Available data |
☆ ☆ ☆

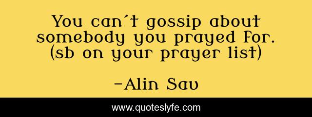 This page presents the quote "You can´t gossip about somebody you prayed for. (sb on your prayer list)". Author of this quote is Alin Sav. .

☆ ☆ ☆

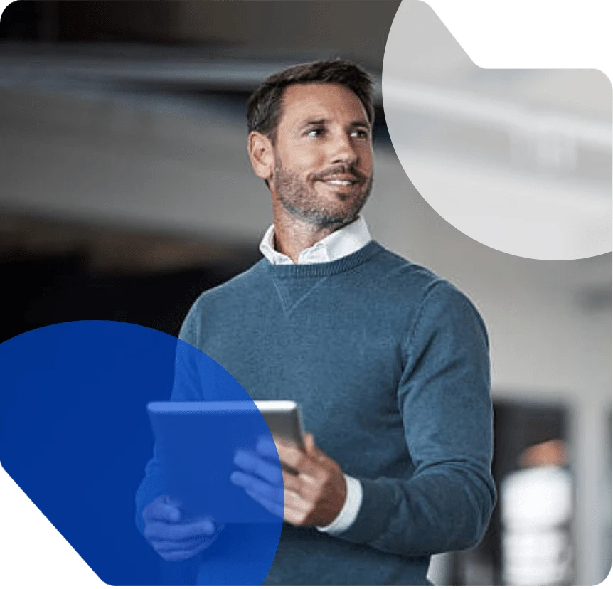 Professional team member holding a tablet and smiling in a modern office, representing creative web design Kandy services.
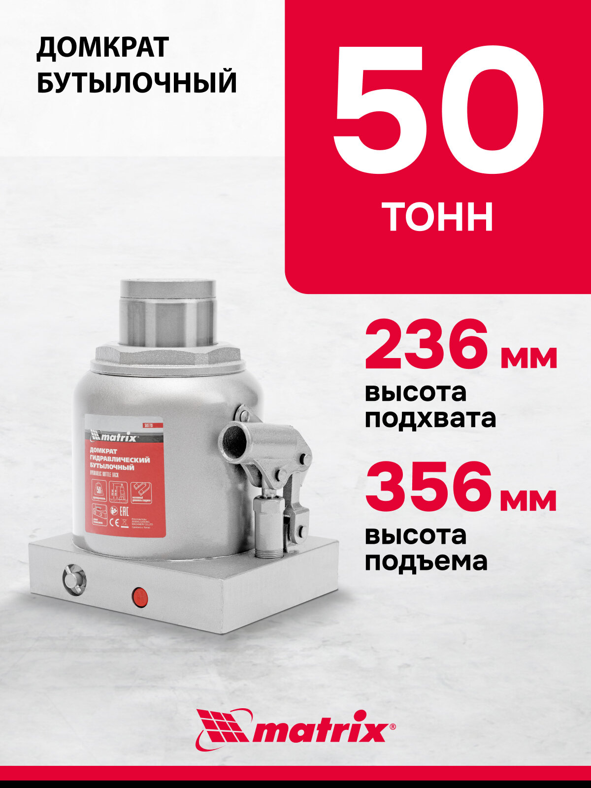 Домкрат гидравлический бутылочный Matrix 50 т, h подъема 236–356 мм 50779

☆ ☆ ☆

About this exercise | Respond with the exact lines above running from the one containing "Professional team member" to the one containing "Домкрат гидравлический бутылочный", both ends kept and no pictures included.

Answer for the task |
 Professional team member holding a tablet and smiling in a modern office, representing creative web design Kandy services.
 Домкрат гидравлический бутылочный Matrix 50 т, h подъема 236–356 мм 50779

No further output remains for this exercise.